Total nucleic acid (μg) = [A 260] [OD value (1.0)] [Dilution factor]
For example – if one diluted a double stranded DNA sample 1:99 (= 1 in 100) with pure distilled water and the A260 value from the spectrophotometer was 0.20, the concentration of the DNA would be –
Total DNA (μg) = [0.20] [50] [100]
= 1000 μg/ml = 1 mg/ml as OD = 1.0 for 50 μg/ml
Property # 4. Fluorescent Quantification of DNA:
The amount of DNA in a solution is proportional to the fluorescence emitted by ethidium bromide in that solution. Dilutions of an unknown DNA in the presence of 2 μg/ml ethidium bromide are compared to dilutions of a known amount of a standard DNA solutions spotted on an agarose gel or Saran Wrap or electrophoresed in an agarose gel.
1. Mix 9 μl TE and 1 μl DNA sample (mix thoroughly or vortex).
2. Spot this on a piece of parafilm, mix by pulling it up and down once, and make a second 10 fold dilution with 9 μl more of TE and 1 μl of the first dilution.
3. Prepare an agarose gel (0.5%-0.7%) with ethidium bromide.
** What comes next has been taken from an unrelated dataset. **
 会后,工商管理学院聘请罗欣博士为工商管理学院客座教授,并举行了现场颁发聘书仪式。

Spot 5 μl of these dilutions on different places of the agarose gel (label the bottom of the plate).
4. If the concentration of the original DNA sample is suspected to be less than 20 μg/ml then spot 5 μl of the undiluted sample also.
5. Also spot on the agarose gel 5 μl of at least the 2, 5, 10, 15, and 20 μg/ml DNA standards.
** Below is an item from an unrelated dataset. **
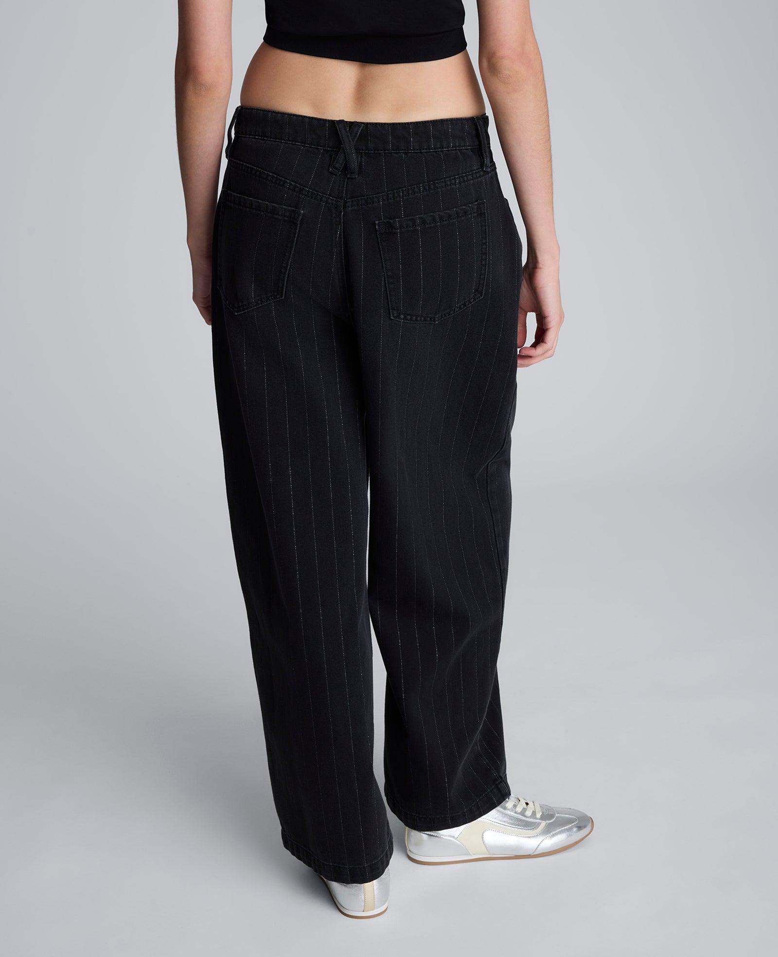 Metallic Pinstripe Wide Leg High Rise Denim Jean

6. Allow the liquid soak in the agarose gel. Invert the plate on a transilluminator and compare. Record the unknown spots for fluorescent intensity to the standard.
7. Use the dilution that gives between 2 and 20 μg/ml reading. Back calculate the amount of DNA by the dilution factor. It is best if the sample spots are coded so that anyone can read them.
Quantification of DNA Using Diphenylamine (DPA) Assay:
1. Prepare the following reagent in a fume hood.
Distilled water – 160 μl
DNA – 10 μl
3N perchloric acid – 150μl
DPA solution – 180μl
2. Cap the tubes and mix by inversion.
3. Incubate in the dark (overnight) at room temperature.
Note the incubation time for future use. A calibration curve will then not be necessary each time.
4. Read the optical density at 600 nm.
Compare with a calibration curve made from measurements with a standardized DNA solution. The curve is only linear between the concentrations of 5-50 μg/ml. Dilution may be necessary for more concentrated solutions.
3 N Perchloric Acid:
Dilute 49.2 ml perchloric acid up to 200 ml with distilled water in a fume hood.
Diphenylamine (DPA) Solution:
In a fume hood, add 20 μl paraldehyde to 198 ml of glacial acetic acid in a 250 ml Erlenmyer flask. Wearing gloves, carefully weigh out 8 g of DPA and add to the above solution, quickly cover with foil, and shake until dissolved. Store in the dark in a fume hood. This solution is stable for 6 weeks.